**Items from a data source:**
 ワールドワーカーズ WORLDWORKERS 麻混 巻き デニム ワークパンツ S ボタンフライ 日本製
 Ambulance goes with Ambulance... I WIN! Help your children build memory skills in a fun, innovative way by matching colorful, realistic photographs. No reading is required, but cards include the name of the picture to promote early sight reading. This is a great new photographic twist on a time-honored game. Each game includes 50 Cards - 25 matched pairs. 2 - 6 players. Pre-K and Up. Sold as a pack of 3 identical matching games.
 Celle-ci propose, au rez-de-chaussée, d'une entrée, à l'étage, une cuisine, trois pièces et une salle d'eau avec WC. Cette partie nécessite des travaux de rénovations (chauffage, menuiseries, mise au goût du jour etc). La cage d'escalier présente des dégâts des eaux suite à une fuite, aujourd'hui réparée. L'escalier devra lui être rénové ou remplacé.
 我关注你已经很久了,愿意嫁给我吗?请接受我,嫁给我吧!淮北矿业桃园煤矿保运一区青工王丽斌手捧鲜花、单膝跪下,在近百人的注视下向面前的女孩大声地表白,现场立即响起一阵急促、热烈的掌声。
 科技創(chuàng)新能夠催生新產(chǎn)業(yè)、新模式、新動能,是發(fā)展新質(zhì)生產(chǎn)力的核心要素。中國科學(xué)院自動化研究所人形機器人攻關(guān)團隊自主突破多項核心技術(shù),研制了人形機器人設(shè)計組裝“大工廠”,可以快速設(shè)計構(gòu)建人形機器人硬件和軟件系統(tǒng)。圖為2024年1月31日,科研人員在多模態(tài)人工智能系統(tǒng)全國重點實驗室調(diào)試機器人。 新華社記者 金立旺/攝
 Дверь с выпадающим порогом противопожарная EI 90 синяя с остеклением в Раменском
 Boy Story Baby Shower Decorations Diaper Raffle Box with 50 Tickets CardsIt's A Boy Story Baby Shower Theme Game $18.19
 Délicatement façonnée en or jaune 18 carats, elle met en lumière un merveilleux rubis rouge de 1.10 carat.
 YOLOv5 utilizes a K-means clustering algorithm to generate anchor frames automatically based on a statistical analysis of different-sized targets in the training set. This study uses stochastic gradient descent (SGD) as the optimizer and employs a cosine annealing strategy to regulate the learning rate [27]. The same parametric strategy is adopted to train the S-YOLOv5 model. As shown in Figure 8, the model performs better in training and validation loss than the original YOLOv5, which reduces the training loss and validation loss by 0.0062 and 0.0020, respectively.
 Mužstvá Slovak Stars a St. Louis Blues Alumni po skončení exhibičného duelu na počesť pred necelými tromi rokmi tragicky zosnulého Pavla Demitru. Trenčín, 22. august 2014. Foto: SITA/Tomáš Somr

**Work item:**
Lines that contain "with" are to be copied from the records above.

**Written response:**
 Ambulance goes with Ambulance... I WIN! Help your children build memory skills in a fun, innovative way by matching colorful, realistic photographs. No reading is required, but cards include the name of the picture to promote early sight reading. This is a great new photographic twist on a time-honored game. Each game includes 50 Cards - 25 matched pairs. 2 - 6 players. Pre-K and Up. Sold as a pack of 3 identical matching games.
 Boy Story Baby Shower Decorations Diaper Raffle Box with 50 Tickets CardsIt's A Boy Story Baby Shower Theme Game $18.19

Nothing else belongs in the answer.